Zeus Capital Limited ("Zeus Capital"), which is authorised and
regulated by the FCA in the United Kingdom is acting as nominated
adviser and financial adviser to DX in connection with the
Transaction referred to in this announcement. Zeus Capital is
acting exclusively for DX and no one else in connection with the
Transaction and will not be responsible to anyone other than DX for
providing the protections afforded to clients of Zeus Capital or
for providing advice in relation to the Transaction or the contents
of this announcement or any transaction, arrangement or matter
referred to herein.
Numis Securities Limited ("Numis") is authorised and regulated
by the FCA in the United Kingdom, is acting solely for John Menzies
and nobody else in relation to the Transaction and will not be
responsible to anyone other than John Menzies for providing the
protections afforded to its clients nor for providing advice in
relation to the Transaction or any other matter referred to in
this.
Shore Capital Stockbrokers Limited ("Shore Capital") which is
authorised and regulated by the FCA in the United Kingdom, is
acting as corporate broker to John Menzies and no one else in
connection with the Transaction referred to in this announcement
and will not be responsible to anyone other than John Menzies for
providing the protections afforded to clients of Shore Capital or
for providing advice in relation to the Transaction or the contents
of this announcement or any transaction, arrangement or matter
referred to herein.
This announcement has been issued by and is the responsibility
of DX and John Menzies.
This announcement is not intended to, and does not, constitute
or form part of any offer, invitation or the solicitation of an
offer to purchase, otherwise acquire, subscribe for, sell or
otherwise dispose of, any securities pursuant to this announcement
or otherwise. The distribution of this announcement in
jurisdictions outside the United Kingdom may be restricted by law
and therefore persons into whose possession this announcement comes
should inform themselves about, and observe such restrictions. Any
failure to comply with the restrictions may constitute a violation
of the securities law of any such jurisdiction.
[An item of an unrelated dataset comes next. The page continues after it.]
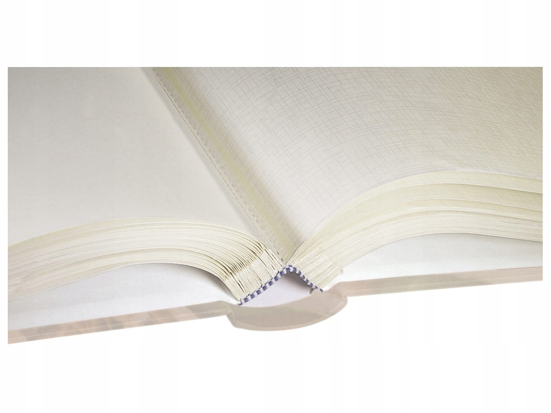 Album książkowy do wklejania zdjęć, z białymi stronami z kartonu oraz pergaminowymi przekładkami.

This announcement does not constitute an offer of securities for
sale in the United States or an offer to acquire or exchange
securities in the United States. No offer to acquire securities or
to exchange securities for other securities has been made, or will
be made, and no offer of securities has been made, or will be made,
directly or indirectly, in or into, or by use of the mails, any
means or instrumentality of interstate or foreign commerce or any
facilities of a national securities exchange of, the United States
of America or any other country in which such offer may not be made
other than (i) in accordance with the requirements under the US
Securities Exchange Act of 1934, as amended, a registration
statement under the US Securities Act of 1933, as amended, or the
securities laws of such other country, as the case may be, or (ii)
pursuant to an available exemption therefrom. This announcement has
been prepared for the purposes of complying with the applicable law
and regulation of the United Kingdom (including the Listing Rules
and the Disclosure and Transparency Rules) and the information
disclosed may not be the same as that which would have been
disclosed if this announcement had been prepared in accordance with
the laws and regulations of any jurisdiction outside of the United
Kingdom.
CAUTIONARY NOTE REGARDING FORWARD LOOKING INFORMATION
This announcement may include statements that are, or may be
deemed to be, "forward looking statements". These forward looking
statements may be identified by the use of forward looking
terminology, including the terms "believes", "estimates", "plans",
"projects", "anticipates", "expects", "intends", "may", "will" or
"should" or, in each case, their negative or other variations or
comparable terminology, or by discussions of strategy, plans,
objectives, goals, future events or intentions. These forward
looking statements include all matters that are not historical
facts and involve predictions. Forward looking statements may and
often do differ materially from actual results. Any forward looking
statements reflect John Menzies' and DX's current view with respect
to future events and are subject to risks relating to future events
and other risks, uncertainties and assumptions relating to John
Menzies' or DX's results of operations, financial position,
liquidity, prospects, growth or strategies and the industry in
which John Menzies and DX operate. Forward looking statements speak
only as of the date they are made and cannot be relied upon as a
guide to future performance. Save as required by law or regulation,
John Menzies and DX disclaim any obligation or undertaking to
release publicly any updates or revisions to any forward looking
statements in this announcement that may occur due to any change in
its expectations or to reflect events or circumstances after the
date of this announcement. Nothing in this announcement is
intended, or is to be construed, as a profit forecast or to be
interpreted to mean that earnings per John Menzies share for the
current or future financial years, or those of the Enlarged Group,
will necessarily match or exceed the historical published earnings
per share. Certain figures contained in this announcement have been
subject to rounding adjustments. Accordingly, in certain instances,
the sum or percentage change of the numbers contained in this
announcement may not conform exactly with the total figure
given.
Neither the content of John Menzies' nor DX's website, nor any
website accessible by hyperlinks on John Menzies' or DX's website
is incorporated in, or forms part of, this announcement.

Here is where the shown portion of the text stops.